Farasis Energy Kembangkan Baterai Mobil Listrik Baru, Bisa Diisi 80% Kurang Lebih 9 Menit
Salah satu tantangan terbesar dalam tren mobil listrik adalah durasi pengisian daya yang jauh lebih lama dibandingkan pengisian bahan bakar kendaraan konvensional. Ya, karena mengisi daya baterai, tidak secepat mengisih bahan bakar bensin.
Namun, perusahaan baterai asal Tiongkok, Farasis Energy, menghadirkan solusi dengan teknologi baru yang memungkinkan baterai mobil listrik disi lebih cepat. Teknologi baru dari Farasis Energy ini memungkinkan baterai mobil terisi dari 10 hingga 80 persen hanya dalam 8,55 menit.

Cara Kerja Teknologi Baterai Terbaru Farasis Energy
Teknologi ini memanfaatkan pengisian daya ultra-cepat 6C, yang berarti baterai dapat menerima energi enam kali lebih cepat dari laju pengosongannya.
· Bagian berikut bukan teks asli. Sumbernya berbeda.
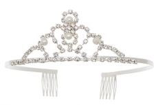 ТЕ 336202 Диадема серебро с жемчужинами с зубчиками.Высота 3,5 см.
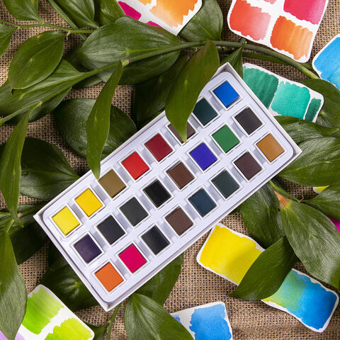 В наборе 24 цвета по 2,5 грамма: лимонная желтая (021), кадмий жёлтый (022),охра жёлтая (029), кадмий красный (014), амарант (006), красно-коричневая (012), нефритовая зелёная (064), церулеум (036), прусская синяя (031), кобальт зелёный (061), сепия (085), чёрная (051), умбра жжёная (084), сине-фиолетовая (073), зелёная светлая (062), фиолетовая (071), хром оранжевый (026), пурпурная (007), индиго (076), сиена жжёная (082), прусская зелёная (065), оливковая (069), красная тёмная (001), неаполитанская жёлтая (127). |

Farasis Energy mengoptimalkan desain baterai untuk sistem lithium iron phosphate (LFP) 6C dan lithium ternary 5C. Ini memungkinkan pengisian daya berlangsung jauh lebih cepat tanpa mengorbankan keamanan dan efisiensi.
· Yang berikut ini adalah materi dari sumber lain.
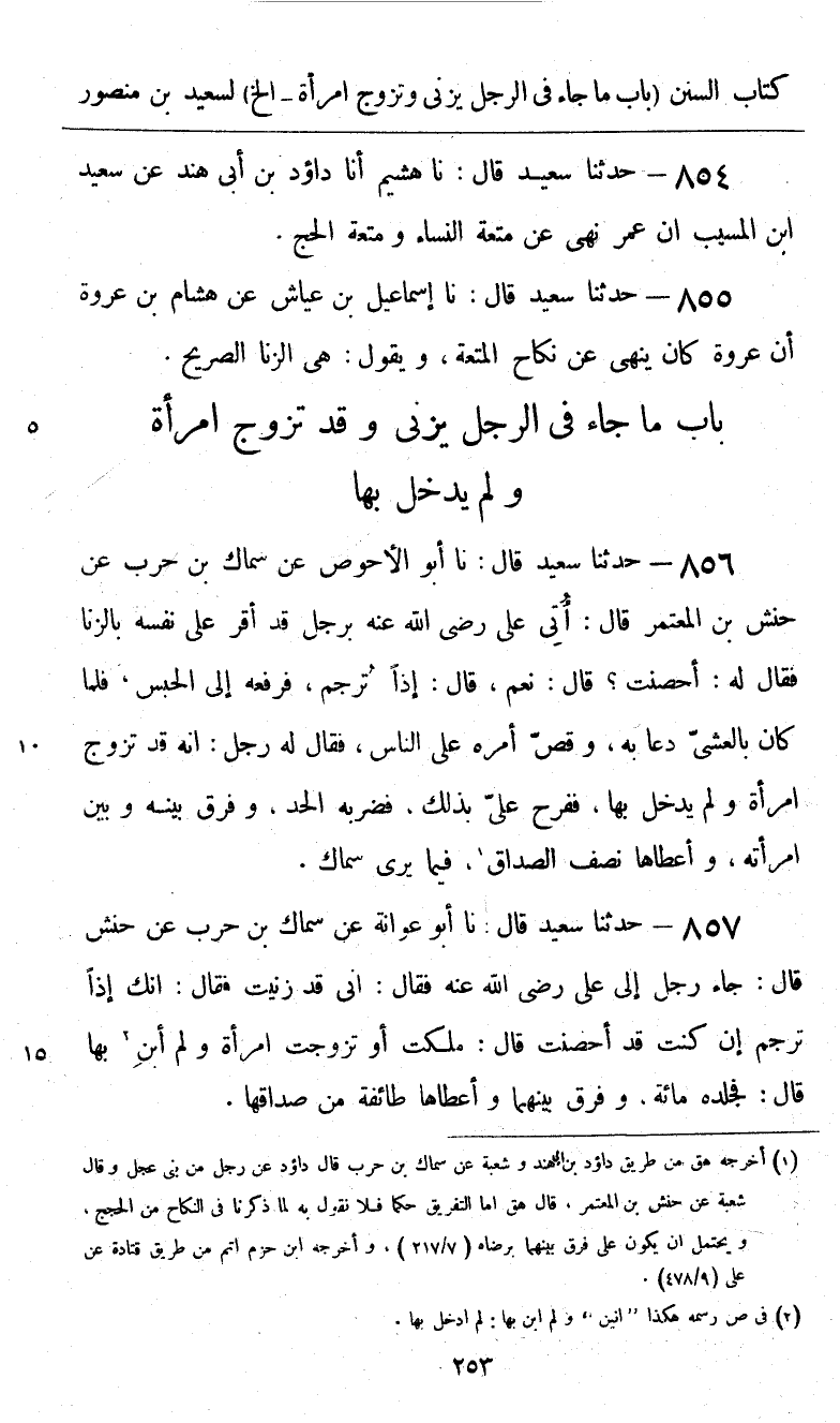 856 - حَدَّثَنَا سَعِيدٌ قَالَ: نا أَبُو الْأَحْوَصِ، عَنْ سِمَاكِ بْنِ حَرْبٍ، عَنْ حَنَشِ بْنِ الْمُعْتَمِرِ، قَالَ: أُتِيَ عَلِيٌّ رَضِيَ اللَّهُ عَنْهُ بِرَجُلٍ قَدْ أَقَرَّ عَلَى نَفْسِهِ بِالزِّنَا، فَقَالَ لَهُ: أَحْصَنْتَ؟ قَالَ: نَعَمْ. قَالَ: §إِذًا تُرْجَمَ. فَرَفَعَهُ إِلَى الْحَبْسِ، فَلَمَّا كَانَ بِالْعَشِيِّ دَعَا بِهِ، وَقَصَّ أَمْرَهُ عَلَى النَّاسِ، فَقَالَ لَهُ رَجُلٌ:: إِنَّهُ قَدْ تَزَوَّجَ امْرَأَةً وَلَمْ يَدْخُلْ بِهَا. فَفَرِحَ عَلِيٌّ بِذَلِكَ، فَضَرَبَهُ الْحَدَّ، وَفَرَّقَ بَيْنَهُ وَبَيْنَ امْرَأَتِهِ، وَأَعْطَاهَا نِصْفَ الصَّدَاقِ، فِيمَا يَرَى سِمَاكٌ

Salah satu inovasi yang diterapkan adalah solusi super pouch (SPS), yang meningkatkan area disipasi panas pada baterai LFP 6C dan ternary 5C masing-masing sebesar 4,8 dan 4,0 kali lipat. Dengan begitu, suhu baterai tetap terjaga di bawah 50°C selama proses pengisian daya cepat, tanpa khawatir overheating ataupun isu lain dalam waktu jangka panjang.
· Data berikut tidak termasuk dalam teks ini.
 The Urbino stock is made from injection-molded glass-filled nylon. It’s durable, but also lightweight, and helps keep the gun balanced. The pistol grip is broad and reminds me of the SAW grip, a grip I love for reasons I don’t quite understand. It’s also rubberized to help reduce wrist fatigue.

Meski menawarkan inovasi canggih, saat ini Farasis Energy masih memiliki pangsa pasar sekitar 0,48 persen di industri baterai Tiongkok. Namun, dengan teknologi baterai dan pengisian ultra-cepat ini, bukan tidak mungkin perusahaan bisa memperluas jangkauan dan bersaing lebih kuat di pasar baterai mobil listrik global.